Each Chromium browser instance spawned by PuppeteerSharp consumes 50-200MB or more depending on page complexity. Individual tabs and pages consume additional memory, and this memory is not automatically released when operations complete. Without explicit disposal calls in the correct order, Chrome processes remain alive indefinitely, accumulating memory until the application crashes or the system runs out of resources.
The problem is particularly severe in long-running processes like web servers, background services, and Docker containers where PDF generation occurs repeatedly.
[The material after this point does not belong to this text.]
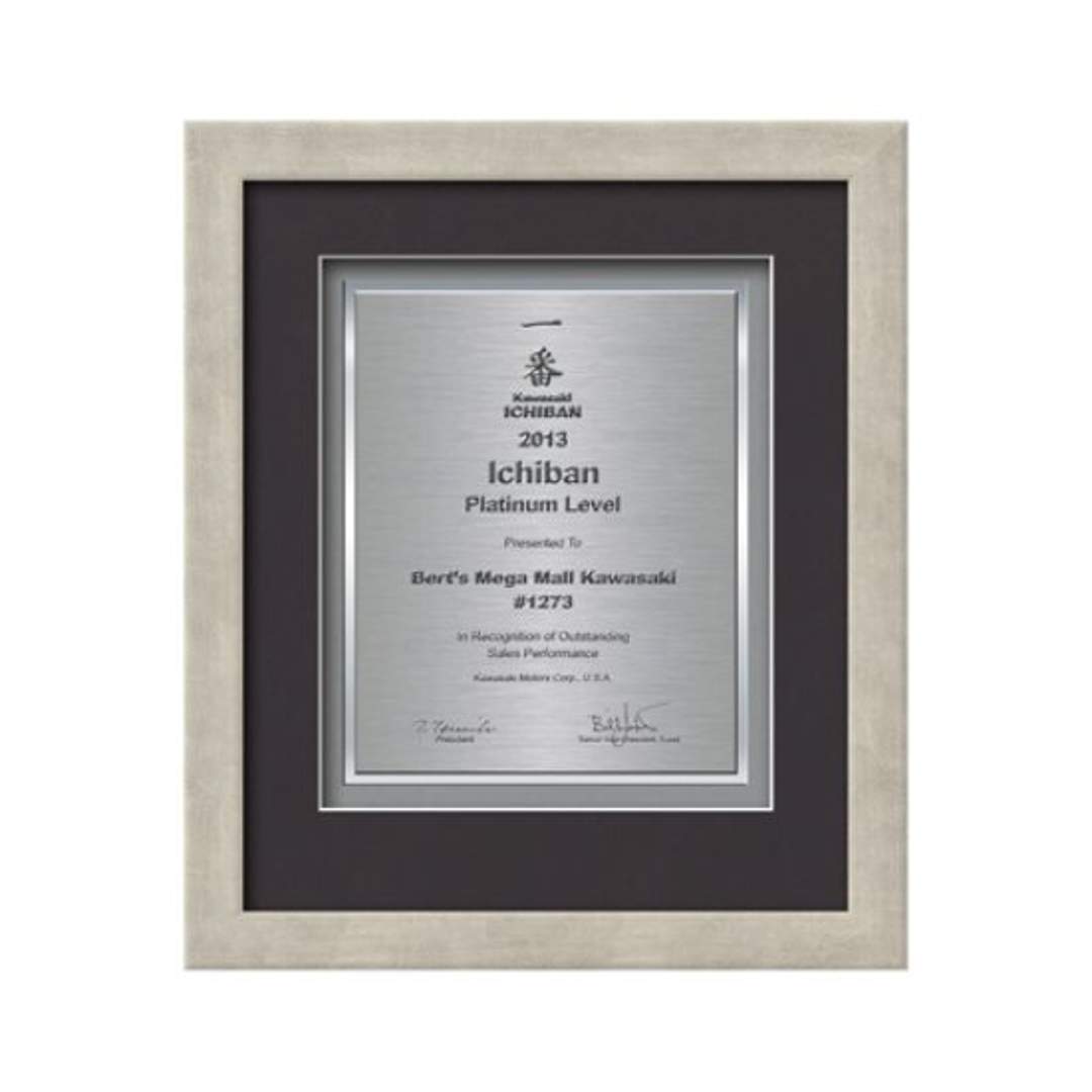 Commemorate a milestone achievement with Waterleaf Studios’ Certificate collection. Honor years of service, display diplomas, service awards, company mission statements, mergers & acquisitions or extraordinary achievements with these impressive statements of accomplishment. Your words of recognition are reproduced using our polished edged Double Plated TexEtch process with your choice of 2 standard mattes and framed in our museum quality Eldridge molding. 15.5″ W x 14.0″ H

Memory growth is gradual and insidious - not a sudden spike that would be immediately obvious, but a slow accumulation that eventually triggers OOM (out-of-memory) errors after hours or days of operation.
Error Messages and Symptoms
Developers encountering PuppeteerSharp memory issues typically observe these patterns:
System.OutOfMemoryException: Out of memory.
at PuppeteerSharp.Page.PdfDataAsync(PdfOptions options)
PuppeteerSharp.NavigationException: Timeout of 180000ms exceeded.
at PuppeteerSharp.Page.PdfAsync(String file, PdfOptions options)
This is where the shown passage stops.